WHAT IS REQUIRED: Up to and including the line with "近日,陕西省教育厅与陕西省学", output the records exactly as they appear.

MATERIALS PROVIDED:
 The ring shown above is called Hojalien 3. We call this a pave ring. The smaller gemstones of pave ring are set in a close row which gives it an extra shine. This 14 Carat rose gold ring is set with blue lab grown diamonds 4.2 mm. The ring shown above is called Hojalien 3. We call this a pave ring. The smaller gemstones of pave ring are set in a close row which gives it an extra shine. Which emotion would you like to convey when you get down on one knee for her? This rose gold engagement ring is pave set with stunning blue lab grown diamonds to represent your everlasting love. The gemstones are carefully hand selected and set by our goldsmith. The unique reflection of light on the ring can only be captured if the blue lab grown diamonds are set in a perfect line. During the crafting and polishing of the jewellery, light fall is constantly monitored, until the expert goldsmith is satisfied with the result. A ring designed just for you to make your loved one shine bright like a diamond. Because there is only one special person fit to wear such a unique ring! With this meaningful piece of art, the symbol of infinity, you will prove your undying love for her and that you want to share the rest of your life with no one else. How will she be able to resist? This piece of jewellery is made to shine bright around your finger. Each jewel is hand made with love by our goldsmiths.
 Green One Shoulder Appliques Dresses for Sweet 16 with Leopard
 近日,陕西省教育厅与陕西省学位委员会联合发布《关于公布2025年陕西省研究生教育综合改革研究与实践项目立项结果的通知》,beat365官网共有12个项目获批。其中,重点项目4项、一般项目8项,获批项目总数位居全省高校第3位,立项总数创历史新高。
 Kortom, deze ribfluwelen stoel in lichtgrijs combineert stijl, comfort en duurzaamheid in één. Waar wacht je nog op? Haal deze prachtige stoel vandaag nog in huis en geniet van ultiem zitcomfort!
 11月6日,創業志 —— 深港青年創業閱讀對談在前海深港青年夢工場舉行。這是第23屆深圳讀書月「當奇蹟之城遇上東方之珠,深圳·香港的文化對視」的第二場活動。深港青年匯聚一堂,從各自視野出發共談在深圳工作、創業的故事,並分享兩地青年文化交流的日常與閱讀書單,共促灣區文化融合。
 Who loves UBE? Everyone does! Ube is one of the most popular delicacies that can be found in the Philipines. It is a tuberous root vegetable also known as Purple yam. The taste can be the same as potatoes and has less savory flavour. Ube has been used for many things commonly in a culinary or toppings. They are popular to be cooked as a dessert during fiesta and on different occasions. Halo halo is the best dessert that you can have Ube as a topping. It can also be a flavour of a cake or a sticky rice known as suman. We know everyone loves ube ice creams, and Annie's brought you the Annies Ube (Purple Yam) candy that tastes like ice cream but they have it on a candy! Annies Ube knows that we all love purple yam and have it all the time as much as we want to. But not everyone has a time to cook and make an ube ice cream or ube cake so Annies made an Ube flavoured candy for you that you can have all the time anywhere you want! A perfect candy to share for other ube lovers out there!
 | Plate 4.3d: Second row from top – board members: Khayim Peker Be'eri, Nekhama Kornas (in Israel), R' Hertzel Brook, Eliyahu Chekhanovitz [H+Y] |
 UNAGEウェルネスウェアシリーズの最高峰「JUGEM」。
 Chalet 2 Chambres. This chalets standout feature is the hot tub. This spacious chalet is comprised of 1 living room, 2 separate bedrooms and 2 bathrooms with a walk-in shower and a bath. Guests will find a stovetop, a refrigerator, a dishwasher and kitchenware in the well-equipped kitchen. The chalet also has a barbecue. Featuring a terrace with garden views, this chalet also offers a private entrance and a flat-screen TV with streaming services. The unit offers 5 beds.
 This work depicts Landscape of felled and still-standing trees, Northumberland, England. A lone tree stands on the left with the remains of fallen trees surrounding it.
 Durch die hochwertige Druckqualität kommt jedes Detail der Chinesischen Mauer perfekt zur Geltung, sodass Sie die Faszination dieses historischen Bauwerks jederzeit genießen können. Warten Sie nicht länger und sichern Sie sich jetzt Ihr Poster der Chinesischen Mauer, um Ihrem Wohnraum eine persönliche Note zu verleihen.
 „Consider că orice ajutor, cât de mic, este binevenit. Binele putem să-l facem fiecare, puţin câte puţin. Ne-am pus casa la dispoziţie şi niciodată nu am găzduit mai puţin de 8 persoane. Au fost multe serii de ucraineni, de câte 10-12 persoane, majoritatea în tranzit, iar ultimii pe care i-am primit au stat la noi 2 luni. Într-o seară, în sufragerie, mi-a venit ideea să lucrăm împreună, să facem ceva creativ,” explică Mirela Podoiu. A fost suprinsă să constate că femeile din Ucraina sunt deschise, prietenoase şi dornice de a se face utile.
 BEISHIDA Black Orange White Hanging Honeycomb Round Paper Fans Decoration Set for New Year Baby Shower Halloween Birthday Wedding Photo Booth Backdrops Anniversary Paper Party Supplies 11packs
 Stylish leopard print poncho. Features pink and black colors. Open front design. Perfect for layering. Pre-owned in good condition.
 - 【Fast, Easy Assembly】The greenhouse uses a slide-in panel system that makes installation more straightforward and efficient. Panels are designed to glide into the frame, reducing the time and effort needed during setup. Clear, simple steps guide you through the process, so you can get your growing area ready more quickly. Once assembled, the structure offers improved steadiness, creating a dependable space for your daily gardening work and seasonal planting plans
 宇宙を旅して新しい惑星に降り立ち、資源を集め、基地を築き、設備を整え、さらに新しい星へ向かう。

ANSWER TO THE PROBLEM:
 The ring shown above is called Hojalien 3. We call this a pave ring. The smaller gemstones of pave ring are set in a close row which gives it an extra shine. This 14 Carat rose gold ring is set with blue lab grown diamonds 4.2 mm. The ring shown above is called Hojalien 3. We call this a pave ring. The smaller gemstones of pave ring are set in a close row which gives it an extra shine. Which emotion would you like to convey when you get down on one knee for her? This rose gold engagement ring is pave set with stunning blue lab grown diamonds to represent your everlasting love. The gemstones are carefully hand selected and set by our goldsmith. The unique reflection of light on the ring can only be captured if the blue lab grown diamonds are set in a perfect line. During the crafting and polishing of the jewellery, light fall is constantly monitored, until the expert goldsmith is satisfied with the result. A ring designed just for you to make your loved one shine bright like a diamond. Because there is only one special person fit to wear such a unique ring! With this meaningful piece of art, the symbol of infinity, you will prove your undying love for her and that you want to share the rest of your life with no one else. How will she be able to resist? This piece of jewellery is made to shine bright around your finger. Each jewel is hand made with love by our goldsmiths.
 Green One Shoulder Appliques Dresses for Sweet 16 with Leopard
 近日,陕西省教育厅与陕西省学位委员会联合发布《关于公布2025年陕西省研究生教育综合改革研究与实践项目立项结果的通知》,beat365官网共有12个项目获批。其中,重点项目4项、一般项目8项,获批项目总数位居全省高校第3位,立项总数创历史新高。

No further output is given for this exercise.